有个十七八岁的小兵靠在岩石上闭目养神,脸上还带着未脱的稚气,睫毛上挂着细密的雨珠,像落了层霜,眉头却依旧死死锁着,嘴角时不时抽搐一下,喉间溢出模糊的气音,像是还在梦里挥着刺刀与敌人滚打,要将那些灰影从阵地前赶出去。

旁边的老兵默默擦拭着手中的步枪,粗粝的手指抚过枪管上的每一道划痕——那是子弹擦过的印记,深的地方能塞进指甲。

他的动作很慢,像是在抚摸着一位老伙计的伤口,步枪的金属部件在昏暗里泛着冷硬的光,枪栓处的锈迹被反复摩挲后,透出一点暗沉的亮。

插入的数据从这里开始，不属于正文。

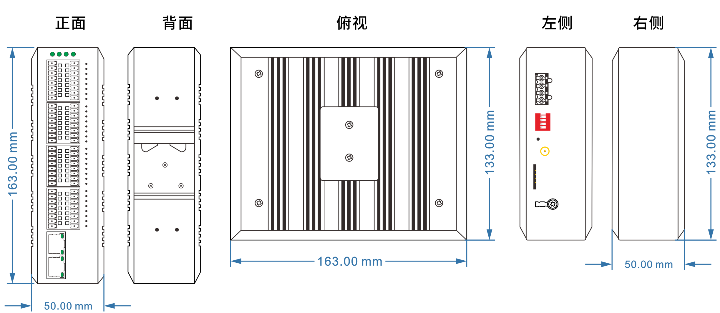外殼:IP40防護(hù)等級(jí),鋁合金材質(zhì) 尺寸:162mm(長(zhǎng)) x 132mm(寬) x 50.0mm(高) 裝方式:導(dǎo)軌安裝、壁掛式安裝 |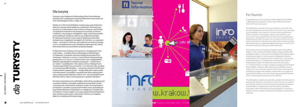 68 Dla turysty For Tourists Miejska sieć informacji InfoKraków, funkcjonująca pod siedmioma adresami, zajmuje się kompleksowo udzielaniem informacji turystycznej: tu można zarezerwować miejsca noclegowe i kupić bilety na wydarzenia kulturalne oraz tematyczne wycieczki po mieście i okolicach, tutaj dostępne są bezpłatne mapy, a także przewodniki, liczne publikacje o Krakowie, albumy czy oryginalne pamiątki. W wybranych punktach turyści mają do dyspozycji stanowiska komputerowe z bezpłatnym dostępem do Internetu, a w większości miejsc – nowoczesne infomaty, czyli elektroniczne kioski pozwalające m.in. na zaplanowanie trasy zwiedzania, zapoznanie się z ofertą kulturalną miasta czy sprawdzenie prognozy pogody. dla TURYSTY DLA TURYSTY / FOR TOURISTS Znacząca część działalności Krakowskiego Biura Festiwalowego związana jest z zaspokajaniem potrzeb kilkumilionowej rzeszy turystów odwiedzającej miasto w ciągu roku. www.infokrakow.pl Punkty informacji miejskiej rozmieszczono w strategicznych miejscach miasta – w pobliżu Dworca Głównego (na Plantach przy ul. Szpitalnej) i w budynku terminalu Międzynarodowego Portu Lotniczego w Balicach, w centrum miasta (Pawilon Wyspiańskiego, punkty przy ul. św. Jana 2 i w Sukiennicach) oraz w bezpośredniej bliskości najważniejszych atrakcji turystycznych – na Kazimierzu (ul. Józefa 7) i pod Wawelem. Ten ostatni, Centrum Obsługi Ruchu Turystycznego (CORT) przy ul. Powiśle 11, to właściwie cały, zarządzany również przez KBF kompleks – z kawiarnią, stoiskami handlowymi i przestrzeniami ekspozycyjnymi – służący także jako miejsce wydarzeń kulturalnych, od spotkań i warsztatów po duże imprezy plenerowe na placu przed budynkiem: był on m.in. scenerią trzydniowych Wianków (2013), imprez motoryzacyjnych i wydarzeń dla dzieci. Na stronie internetowej sieci InfoKraków, obok oferty sprzedawanych w punktach biletów i pamiątek, znajdziemy kompendium wiedzy o turystycznych i kulturalnych atrakcjach miasta. Strona powiązana jest bowiem z portalem turystycznym Kraków Travel, prowadzonym przez Krakowskie Biuro Festiwalowe we współpracy z Urzędem Miasta Krakowa. Turysta znajdzie tu (w pięciu językach!) przewodnikowe opisy atrakcji turystycznych, ciekawostki i historyczne anegdoty, także m.in. kolekcję archiwalnych zdjęć. www.krakow.travel A significant part of the activities of the Krakow Festival Office is dedicated to meeting the needs of the millions of tourists who visit the city every year. The InfoKraków network, with seven locations across the city, provides detailed tourist information and services: you can book accommodation, buy tickets for cultural events, guided tours of the city and its surroundings, albums and souvenirs, and pick up free maps, guidebooks and other relevant publications. Selected points offer free access to computers and the Internet, and most locations hold electronic information kiosks providing information such as suggested sightseeing routes, current cultural events held in the city, and weather forecasts. 69 For Tourists Information points are located at strategic points throughout Kraków: in the vicinity of the Main Railway Station (Planty Park at Szpitalna Street), at the terminal building of the Kraków Balice International Airport, in the city centre (Wyspiański Pavilion and points at 2 Św. Jana Street and in Sukiennice), and near key tourist attractions at 7 Józefa Street in the Kazimierz district and by Wawel Castle. The latter, the Tourist Service Centre at 11 Powiśle Street, is a major complex managed by the Krakow Festival Office, hosting a café, shops and an exhibition space; it also serves as a venue for cultural events, from meetings and workshops to large-scale outdoor events held on the square in front of the building, such as the three-day-long Wianki Festival (2013), motoring shows and events for children. The InfoKraków website also provides a wealth of information on local tourist attractions and cultural events. The site is closely linked with the Kraków Travel tourist portal, hosted by the Krakow Festival Office in collaboration with the Krakow City Office. It provides visitor information (in five languages!) on tourist attractions, local curiosities and historical anecdotes, and archives of photos.

刀刃上的缺口像锯齿般参差不齐,有几处还粘着暗红色的血垢,那是无数次白刃交锋时,与敌人的刺刀、骨头碰撞留下的惊心动魄。

没有人说话,连咳嗽声都被刻意压在喉咙里,变成一声沉闷的气音,只有雨声在山谷里弥漫,顺着岩壁折回,带着回音,成了此刻唯一的背景音。

但每个人的心里都像揣着一面鼓,敲打着同一个节奏——等,等第四十日的黎明,等那个支撑着所有人咬碎牙也要坚持的时刻,等那声或许会响起的、宣告使命完成的信号。

杨森独自站在江边的一块巨石上,任凭雨丝打湿他的头发和军装。警卫员给他撑着一把破烂的伞,江风裹挟着浓重的水汽扑面而来,带着长江特有的腥咸,也带着硝烟散尽后的死寂,刮在脸上像细针扎着,让他清醒得有些发冷。

他望向宜昌的方向,那里的灯火稀疏得像将熄的烛火,星星点点地嵌在墨色里,与三十九天前的繁密截然不同——那时的宜昌,码头边、街巷里,灯火连成一片,映得江面都泛着暖光,船工的号子、商贩的吆喝、孩童的嬉闹,隔着江水都能听见几分热闹。

但他知道,这稀疏的灯火背后,是民生公司的轮船载着国家最后的兵工厂、机床、弹药,载着无数家庭的希望,安全驶入了三峡的深处。

卢作孚先生和他的船队做到了,用那些不起眼的木船、货轮,在枪林弹雨中开出了一条生路,而他们,也即将做到了。

他的手紧紧攥着腰间的刀柄,指节因用力而微微发白,凸起的骨节像是要嵌进木头里,掌心的老茧与刀柄的纹路早已融为一体,分不清哪是皮肉哪是木头。

三十九个日夜,每一声炮响都震得他心口发颤,震落过他帽檐上的积雪;每一次呐喊都揪着他的神经,喊哑过他的嗓子;

每一张倒下的年轻面孔——有的才刚过十六,脸上还带着未刮过的绒毛;

有的还带着家乡泥土的气息,口袋里揣着磨得发亮的家书——都在他心头刻下了深深的烙印,如同这岩石上的弹痕,永远无法磨灭。

他轻轻吁出一口气,白雾在冷空气中瞬间散开,像那些逝去的生命,再也抓不住。

终于,东方的天际泛起了一丝鱼肚白,像宣纸被淡墨晕开了一角,慢慢向四周浸染。